A farne pesantemente le spese, anche il Just Transition Fund e il Fondo agricolo per lo sviluppo rurale. Il bilancio europeo 2021-2027 è rimasto a 1.074 miliardi di impegni. Ma sono stati accontentati i cosiddetti Paesi Frugali – capeggiati nella trattativa dal premier olandese Mark Rutte – con succulenti rebate, i rimborsi introdotti per la prima volta su richiesta del Regno Unito ai tempi di Margaret Thatcher, che con la Brexit molti leader Ue avrebbero voluto cancellare. In alcuni casi sono stati raddoppiati. Alla Danimarca sono andati 322 milioni annui di rimborsi (rispetto ai 222 milioni della proposta di sabato); all’Olanda 1,921 miliardi (da 1,576 miliardi); all’Austria 565 milioni (da 287), e alla Svezia 1,069 miliardi (da 823 milioni).

Risolta anche la spinosa questione della governance sull’attuazione delle riforme dei piani nazionali che dovranno essere presentati dai Paesi per avvalersi delle risorse. La chiave di volta è stato un super-freno di emergenza emendato, oggetto di un negoziato durissimo tra Conte e Rutte durato fino all’ultimo minuto, del quale il coriaceo olandese alla fine si dice soddisfatto. In sostanza, i piani presentati dagli Stati membri saranno approvati dal Consiglio a maggioranza qualificata, in base alle proposte presentate dalla Commissione. La valutazione sul rispetto delle tabelle di marcia e degli obiettivi fissati per l’attuazione dei piani nazionali sarà affidata al Comitato economico e finanziario (Cef), gli sherpa dei ministri delle Finanze.

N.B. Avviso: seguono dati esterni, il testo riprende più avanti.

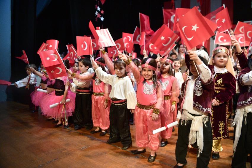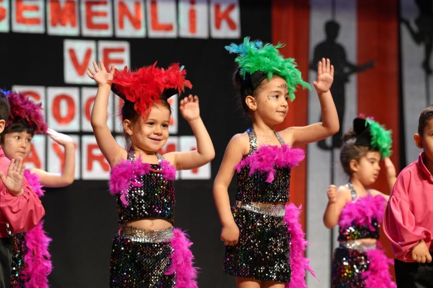 Minik öğrenciler öğretmenleri eşliğinde şiirler okuyarak, şarkılar ve danslar eşliğinde unutulmaz bir gün yaşadı. Birbirinden renkli gösteriler hazırlayan minik öğrenciler ayakta alkışlandı.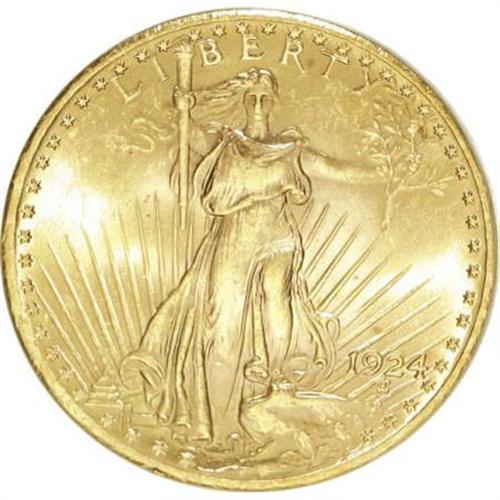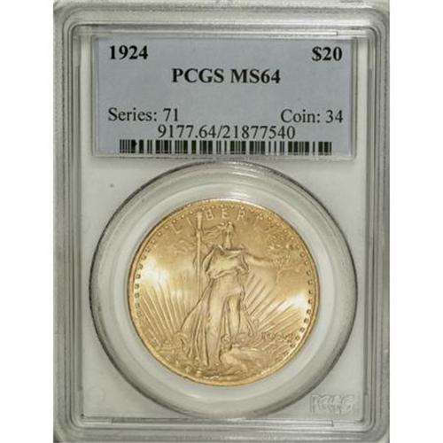 <B>1924 $20 MS64 PCGS.</B></I> PCGS Population (59600/38110). NGC Census: (84700/30331). Mintage: 4,323,500. Numismedia Wsl. Price for NGC/PCGS coin in MS64: $1,210. (#9177)<BR><BR><B>Coin Engraver:</B> Augustus Saint-Gaudens<BR><BR><b>Shipping:</b> Coins & Currency (<a target="_blank" href="http://www.heritageauctions.com/common/shipping.php">view shipping information</a>)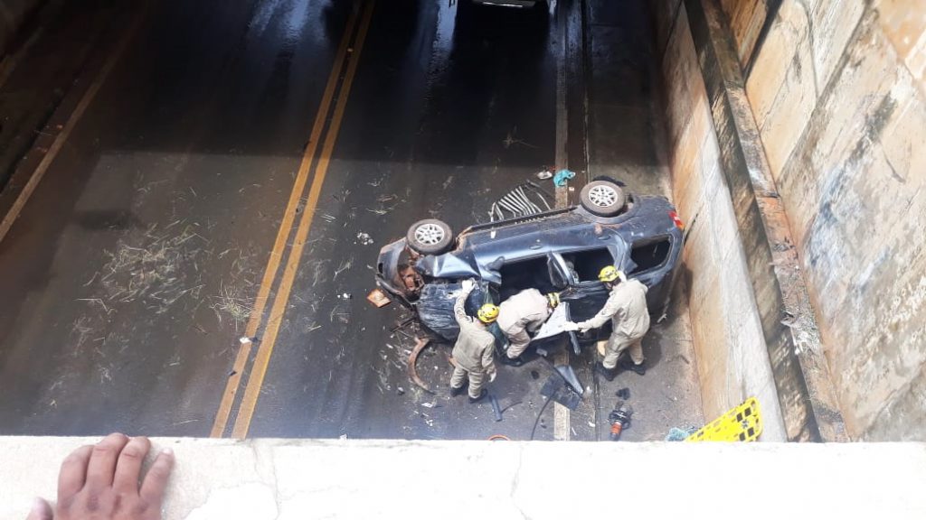 Carro cai de viaduto em Anápolis e bombeiros tentam tirar vítima das ferragens

Se in questa sede, “in via eccezionale”, qualche Paese riterrà che ci siano problemi, potrà chiedere che la questione finisca sul tavolo del Consiglio Europeo prima che venga presa qualsiasi decisione.

Molto soddisfatto per l’esito della trattativa il ministro per gli Affari Europei Enzo Amendola: “Egoismi e veti stavano mettendo a rischio il futuro dell’Europa, ma l’Italia è stata determinata. Ora tocca a noi, alla nostra capacità di impiegare queste risorse con serietà, rigore ed efficacia. Non abbiamo più scuse, non possiamo più aspettare. Riformeremo il nostro Paese e daremo una nuova speranza all’UE dopo la grave crisi di questi mesi”.